When the agent can read and write everything, the server stops running the model

Shipped

This was the big one: I inverted the architecture of local-fitness. It was already a Claude-powered app, but the daily brief and the chat both ran inside the web server. Now the server runs no LLM inference at all. It serves my Garmin data and the deterministic compute, recovery baselines, the CTL/ATL/TSB training-load model, training-plan grading, over REST and MCP, and every act of synthesis, the brief and the coaching, moves out to a client agent I talk to from Claude Desktop, Code, or Mobile. I shipped it in phases behind gates, then ran an adversarial quality-gate and siege against the running container, which caught a real Fatal before it could matter.

v0.3.0 set this up: it put the data and the compute behind MCP, with a write surface added alongside the read surface. The part worth writing about is what that unlocked. Once the agent can read the snapshot and write the brief over the same tools, the synthesis loop has no reason to live in the server. Here is the end-to-end build of moving it out, and the security finding the siege surfaced on the way.

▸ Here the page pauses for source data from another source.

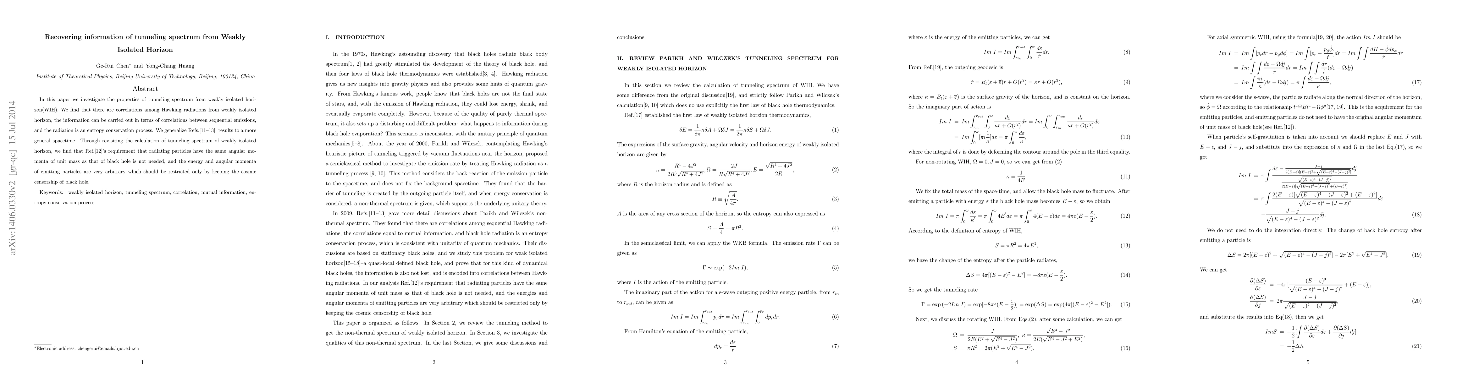 This paper explores the tunneling spectrum from weakly isolated horizons and finds that Hawking radiation correlations carry information, conserving entropy. It generalizes previous results and shows that radiating particles need not have the same angular momenta as the black hole, only needing to respect cosmic censorship.
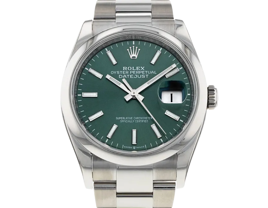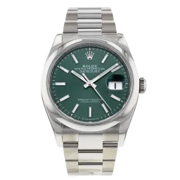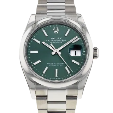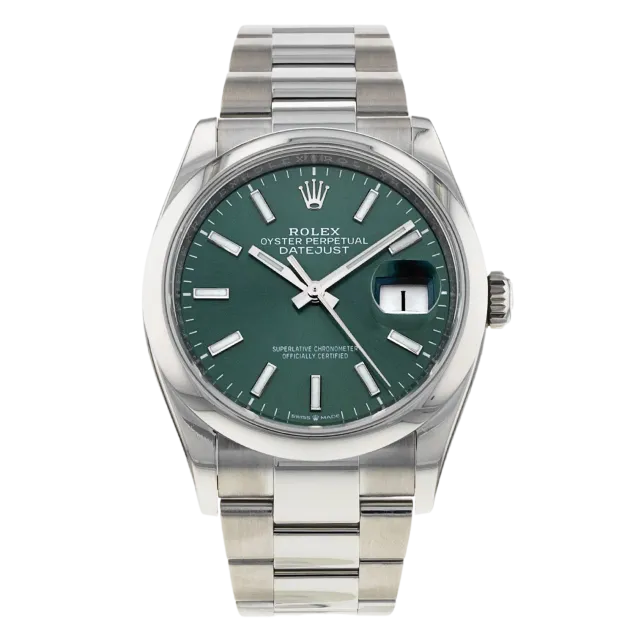 Rolex Datejust 126200 Uhrwerk: Automatik Gehäusegröße: 36 mm Gehäusematerial: Stahl Armbandmaterial: Stahl (Oyster) Zifferblatt: Mintgrün, Baton Wasserdichtigkeit: 100 Meter
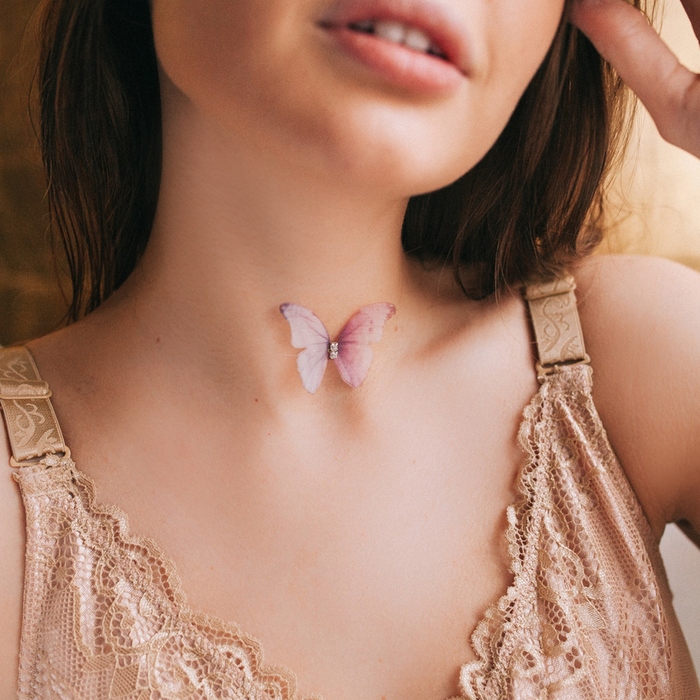 Ни один стиляга не будет выглядеть современно без искусно подобранных украшений, которые завершат его образ! Бижутерия — это современная недорогая альтернатива изделиям из золота и прочих драгоценных металлов. Чокер Butterfly на леске, цвет бело-розовый в серебре — это то, что добавит вам шарма!

The cut line: deterministic compute as code, synthesis at the edge

The decision that made the rearchitecture tractable was where to cut. Deterministic compute stays as code on the server. Probabilistic synthesis moves to the agent. The training-load math and the plan grading have one correct answer and must be testable, repeatable, and fast, so they belong in code. The brief and the coaching are judgment and language, which is what the model is for, so they belong in the agent.

That line maps onto Anthropic’s framing of workflows versus agents: keep the predictable parts in predefined code paths, and reserve the model for the work that genuinely needs model-driven flexibility (Anthropic: Building effective agents). The payoff is that each side gets simpler. The server stops holding an API key and running inference loops, and becomes a clean data-and-compute surface. The agent stops being trapped inside one app’s brief loop and can reason over the same MCP tools from anywhere I talk to Claude. The web UI drops to what it’s actually good at, a fast visual glance.

Setup: the MCP tool surface the agent drives

The agent talks to the same MCP server every other client uses. The official MCP Python SDK gives you a client session over stdio: you launch the server as a subprocess, initialize, and discover its tools at runtime (MCP Python SDK). Because v0.3.0 already exposed both a read surface (daily_snapshot, run_sql, the training-load model) and a write surface (save_brief, log_observation), the agent has everything it needs to gather context and to write the result back.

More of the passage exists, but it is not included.